Пирог мы ему, разумеется, завернули с собой – и не только, Мэдди расстаралась. А я дождалась вечера и отправилась домой, отдыхать после трудного дня. Меня немного беспокоила судьба телефонистки, мисс Белл; хотя Эллис и упомянул о том, что он попросил маркиза Рокпорта приставить к ней человека для наблюдения – как-никак, речь шла о возможной смерти самого графа Ллойда и о важном свидетеле, – это не могло гарантировать её полной безопасности, увы.
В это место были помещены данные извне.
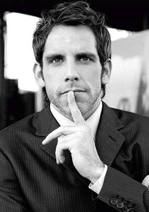 Ben Stiller photographed by Jerry Avenaim

Отправляясь ко сну, я на мгновение захотела – весьма легкомысленно с моей стороны – приглядеть за мисс Белл по-своему. И – убрала с изголовья кровати ловец снов, один из тех, которые оставил мне Лайзо, чтобы Валх не нарушал мой покой в минуты уязвимости…
Очень опрометчиво.
Нет, мёртвого колдуна я во сне не увидела… но не увидела и телефонистку, о которой так беспокоилась.
Мне приснилась война.
И смерть.
…я лечу где-то очень высоко – там, где только птицы и облака. Внизу резко, рывками сменяется пейзаж, точно кто-то перетасовывает фотоснимки. Вот замок с островерхими башенками на берегу реки, и лодки скользят по воде, а на самой высокой башне развевается флаг; вот маленький город, и просторная площадь с фонтаном ровно посередине, фахверковыми домами и ратушей, точно увенчанной двумя ведьмиными колпаками; вот ажурный, узорчатый металлический мост, который то ныряет, скрываясь в зелени, то снова появляется, и мельница над водой, и выше – россыпь ломаных крыш, красновато-коричневых, словно бы тонущих в кронах деревьев…
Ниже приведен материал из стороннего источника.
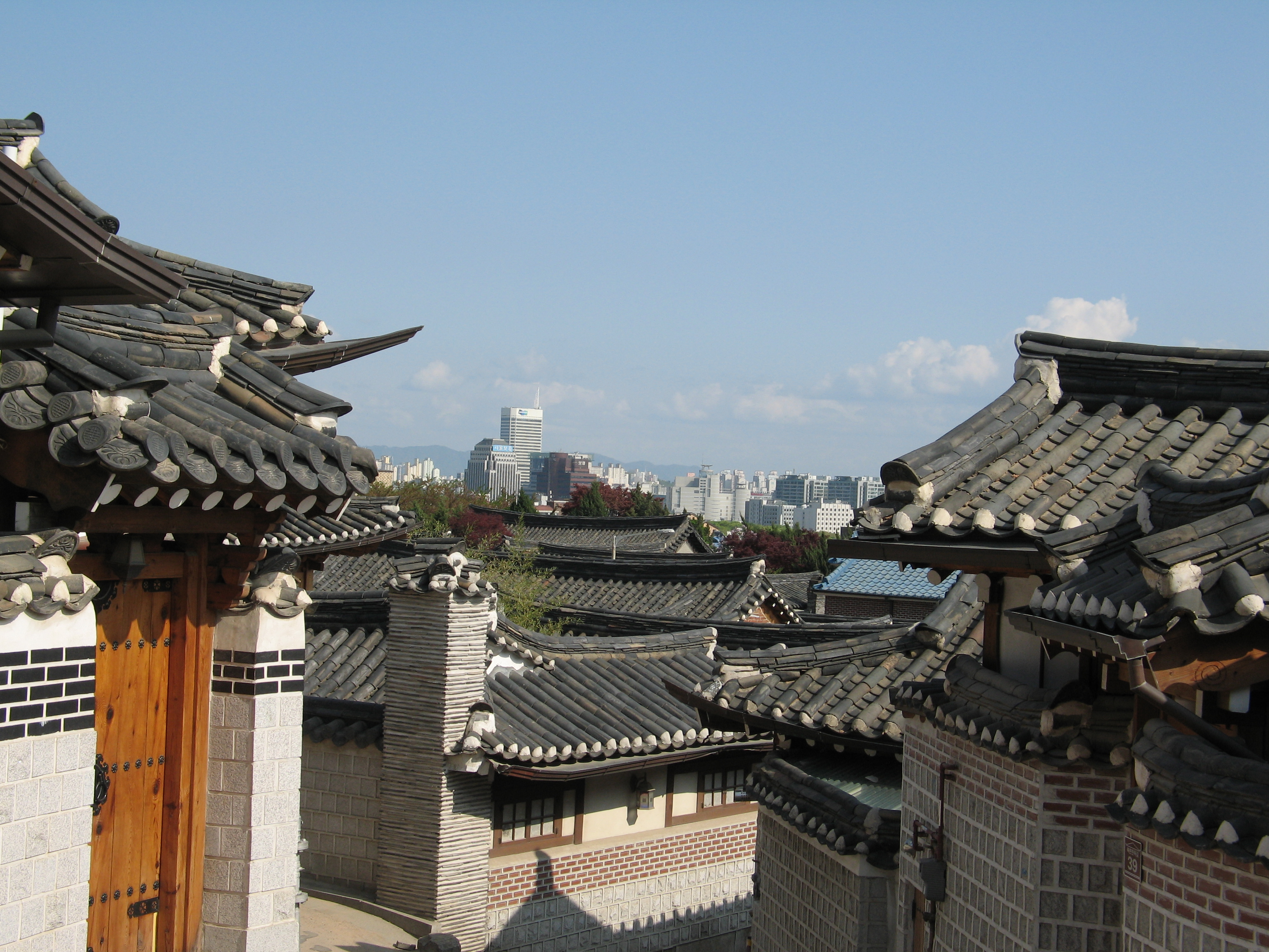 Bukchon Hanok Village in Jongno-gu, Seoul, South Korea

Мне никогда прежде не доводилось бывать здесь, но я точно знаю, что это Алмания.
Я лечу дальше – над пологими холмами, над полем, расчерченным на аккуратные квадраты. Но чем ниже спускаюсь, тем явственней следы запустения: вот нагромождение битого кирпича, вот глубокие, раскисшие колеи сельской дороги, вот хибары с заколоченными окнами – вдали, там, где два покатых склона идут словно бы внахлёст.
Чем ниже – тем меньше цвета… и тем сильней пахнет дымом и порохом.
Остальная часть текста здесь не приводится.